From 1956 the club owned bushland property at Killarney Heights on the foreshore of Middle Harbour with water access looking across to Castlecove. The site was used as a club recreation and rowing camp facility but was never able to be developed and fully utilised. In 2005 the club sold the land for $1.5M but retained a 150-year lease on a building on the property. In June 2012 the club also sold its lease on the building and severed its connection with the Killarney Point site.

==Competition history==
In 1930 the Mosman VIII was chosen in toto as the state representative eight for New South Wales in the Kings Cup at the Australian Rowing Championships. The crew won the King's Cup. The Mosman club's win that year of the Sydney premiership pennant marked the ninth successive year the club had won the pennant and eclipsed the Sydney Rowing Club's 1880 to 1888 record for the longest successive run.

==Current facilities==
The MRC, based at Pearl Bay, Mosman is the main rowing centre for some 450 rowers, including elite, seniors, juniors, masters, recreational and school rowers. The shed houses over 100 rowing boats.

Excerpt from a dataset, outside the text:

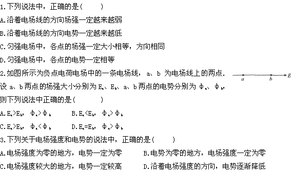 百度:2011年高二物理同步测试:2.1《电场力做功与电势能》(鲁科版选修3-1)

The MRC is self-funded by memberships, lease arrangements to schools and private members' ongoing fundraising activities. A number of Sydney's private girl's schools have a leasing and coaching arrangement with the club.

==Members==
MRC has had representatives in World Rowing Championships and Olympic Games rowing squads over its history. From the Rome 1960 until London 2012 the Mosman club had at least one representative in every Australian Olympic rowing squad excepting Moscow 1980 and Barcelona 1992.

Notable club members include:
- Boxer Snowy Baker who joined the Mercantile club in 1905.

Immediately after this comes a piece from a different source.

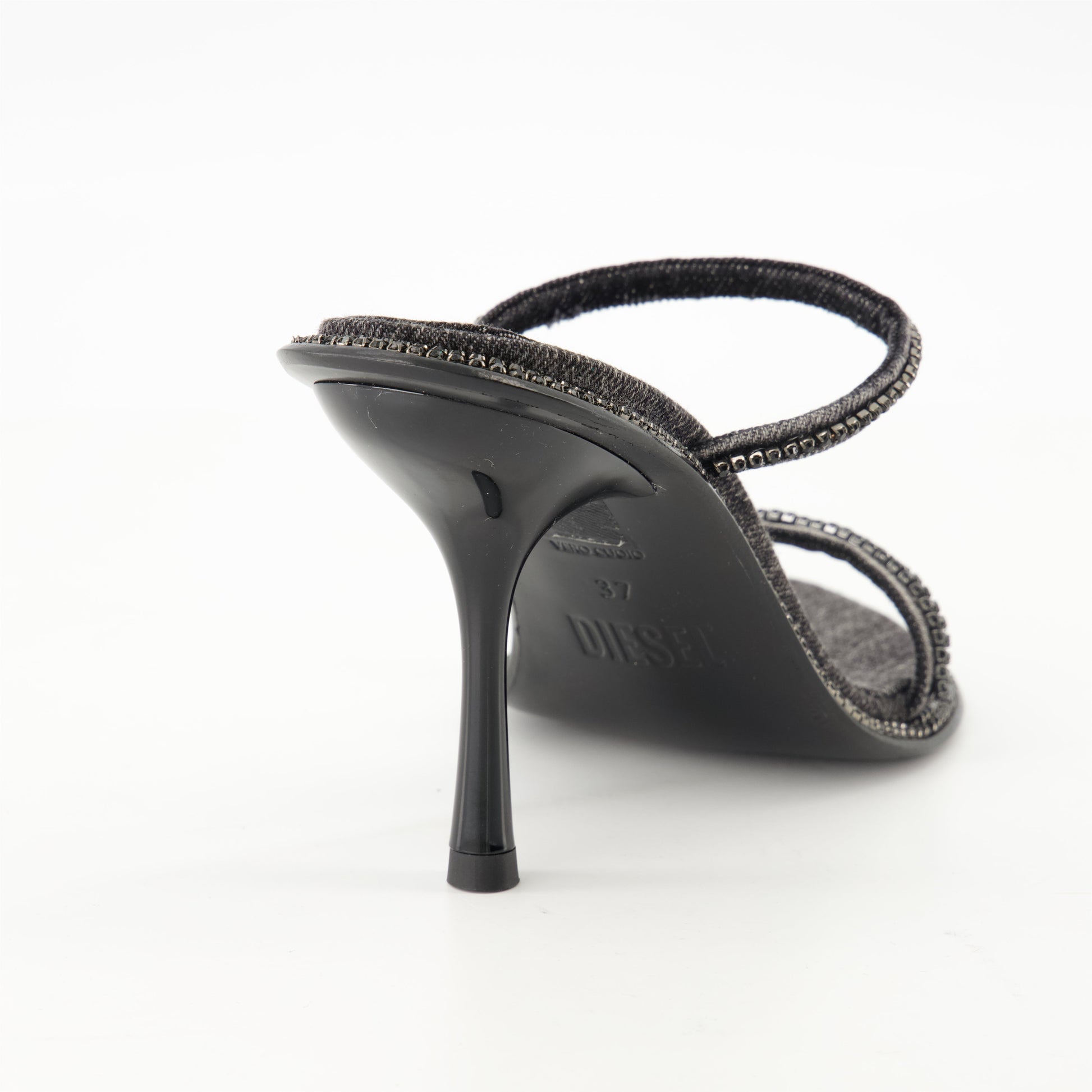 The D-havanna SDL heeled sandals in black denim by Diesel are designed for women. They are part of the Spring-Summer 2025 collection and feature crystal embellishments.

Olympic representative members include:
- Ted Bromley competed at London 1948 in the coxless pair, won four consecutive Kings Cups for NSW and represented at the 1938 British Empire Games
- Peter Raper & Maurie Grace who competed at Melbourne 1956 in the coxless pair.
- Graeme (Mick) Allan and John Hudson were finalists in the Coxed IV at Rome 1960.
- Bob Shirlaw and Roger Ninham competed at Tokyo 1964 in the coxless pair while Gary Herford stroked the 4+. Shirlaw was an Olympic silver medallist in the men's VIII in Mexico City 1968.
- Malcolm Shaw was in the men's VIIIs at Munich 1972 and at Montreal 1976.
- John Clark was in the Australian VIII which competed at Munich 1972.
- Gary Uebergang was in the Australian VIII which competed at Montreal 1976.
- Steve Evans, Jim Battersby and Craig Muller won the bronze medal in the Australian VIII at Los Angeles 1984. Evans also stroked the VIII at Seoul 1988.
- David Weightman silver medallist in the coxless pair at Atlanta 1996.
- Three time Olympian Peter Hardcastle who competed at Sydney 2000, Athens 2004 and Beijing 2008.
- Dual Olympian Tom Laurich who competed at Athens 2004 and Beijing 2008.
- Amy Clay who competed in the women's quad scull at Beijing 2008 and London 2012.
- Daniel Noonan who competed in the quad scull at Beijing 2008 and London 2012.
- Genevieve Horton in the women's double scull at Rio 2016
- Rowena Meredith in the women's quad scull at Tokyo 2021.

World Champions include:
- Steve Evans and Dale Caterson stroke and cox of the championship men's eight of Nottingham 1986.
- Virginia Lee lightweight W4- world champion at Montreal 1992.